(DATA BLOCK Opens)
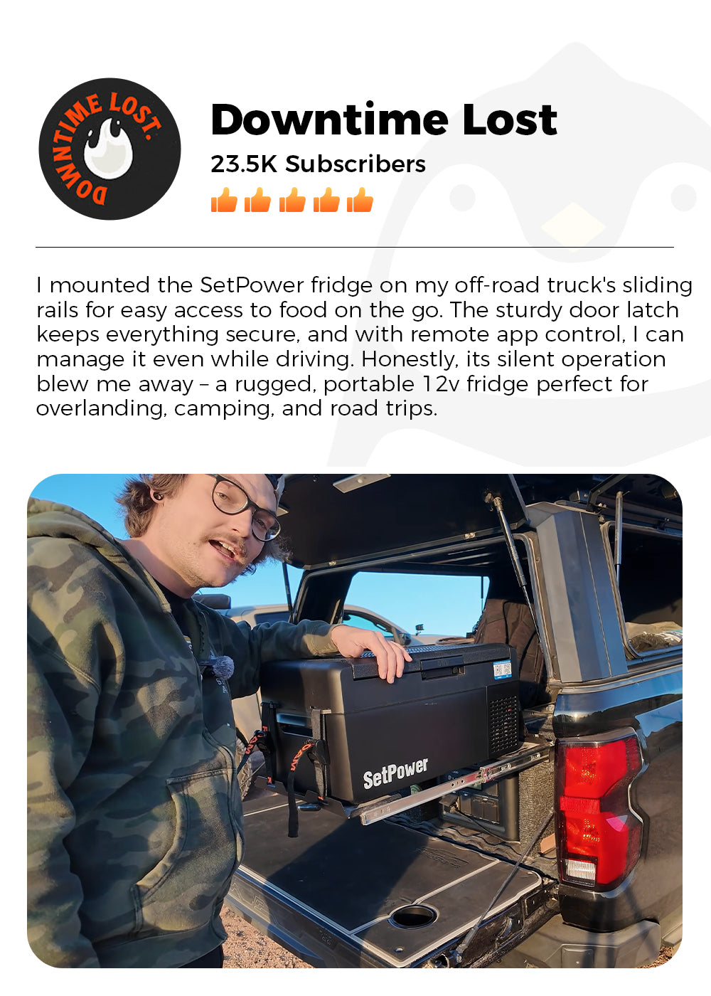 The Setpower RF30 has exceeded my expectations in every way. If you spend a lot of time camping, road‑tripping, overlanding, or just need a reliable 12V fridge/freezer for your vehicle, this unit is an absolute winner.
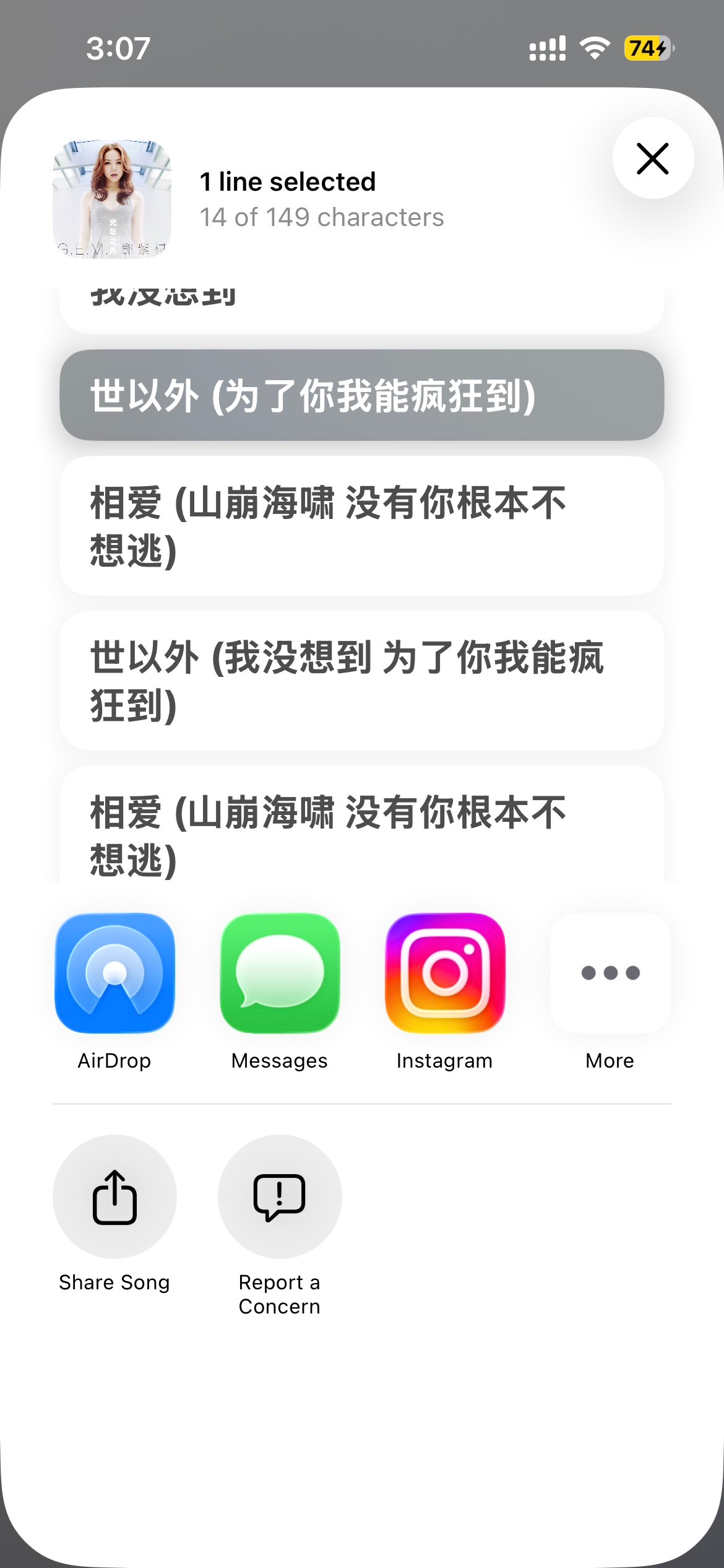 iOS 26版本下的Apple Music中文歌曲的歌词bug
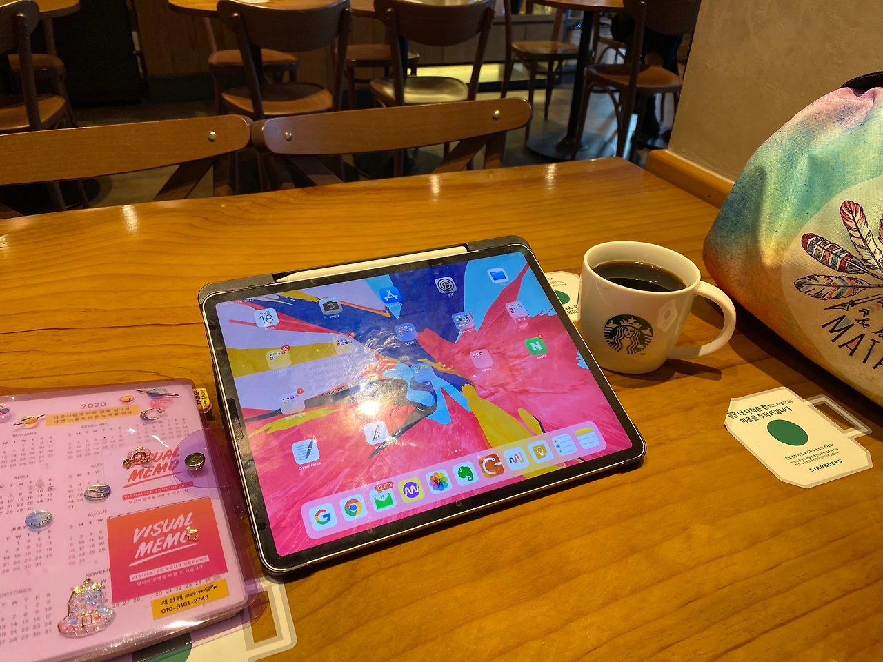 아주 잠시라도 끄적거리면서 하루를 충전하는 그 행위자체가 나에겐 힐링인 것이다. 스타벅스의 아침은 활기차다. 출근전에 자기일을 하는 사람들과 테이크아웃으로 사무실에 커피를 사들고 가려는 사람들이 종종 들어온다. 종로에는 여행자들도 꽤 있어서 외국인들도 가끔 보인다. 직원들은 활기에찬 미소로 항상 손님들을 맞이하고 나는 아무도 없는 것처럼 나만의 공간이라고 생각하면서 나만의 일들에 집중한다. 1시간정도의 시간이지만 많은 것들을 할 수 있다. 이 시간만큼은 나에게 하루중 제일 소중한 시간이다. 내가 정말 좋아하는 일들을 하면서 행복을 느낀다. 나에게는 항상 구비하는 각각의 아아템들이 있다. 에어팟,책,다이어리,필통,파우치,아이패드,노트북 까지 나는 항상 짐이 많다. 하나라도 갖고 다니지 않으면 안된다. 다 나에게 힘을 주는 소중한 물건들이기 때문이다. 나는 옷이나 가방을 사는 것보다 각종 문구류나 책들을 사는게 더 행복하다.
(DATA BLOCK Closes)
■ EXERCISE REQUIREMENTS
Could you repeat each line above exactly as written? Omit the pictures.

■ SOLUTION FOR THIS TASK
 The Setpower RF30 has exceeded my expectations in every way. If you spend a lot of time camping, road‑tripping, overlanding, or just need a reliable 12V fridge/freezer for your vehicle, this unit is an absolute winner.
 iOS 26版本下的Apple Music中文歌曲的歌词bug
 아주 잠시라도 끄적거리면서 하루를 충전하는 그 행위자체가 나에겐 힐링인 것이다. 스타벅스의 아침은 활기차다. 출근전에 자기일을 하는 사람들과 테이크아웃으로 사무실에 커피를 사들고 가려는 사람들이 종종 들어온다. 종로에는 여행자들도 꽤 있어서 외국인들도 가끔 보인다. 직원들은 활기에찬 미소로 항상 손님들을 맞이하고 나는 아무도 없는 것처럼 나만의 공간이라고 생각하면서 나만의 일들에 집중한다. 1시간정도의 시간이지만 많은 것들을 할 수 있다. 이 시간만큼은 나에게 하루중 제일 소중한 시간이다. 내가 정말 좋아하는 일들을 하면서 행복을 느낀다. 나에게는 항상 구비하는 각각의 아아템들이 있다. 에어팟,책,다이어리,필통,파우치,아이패드,노트북 까지 나는 항상 짐이 많다. 하나라도 갖고 다니지 않으면 안된다. 다 나에게 힘을 주는 소중한 물건들이기 때문이다. 나는 옷이나 가방을 사는 것보다 각종 문구류나 책들을 사는게 더 행복하다.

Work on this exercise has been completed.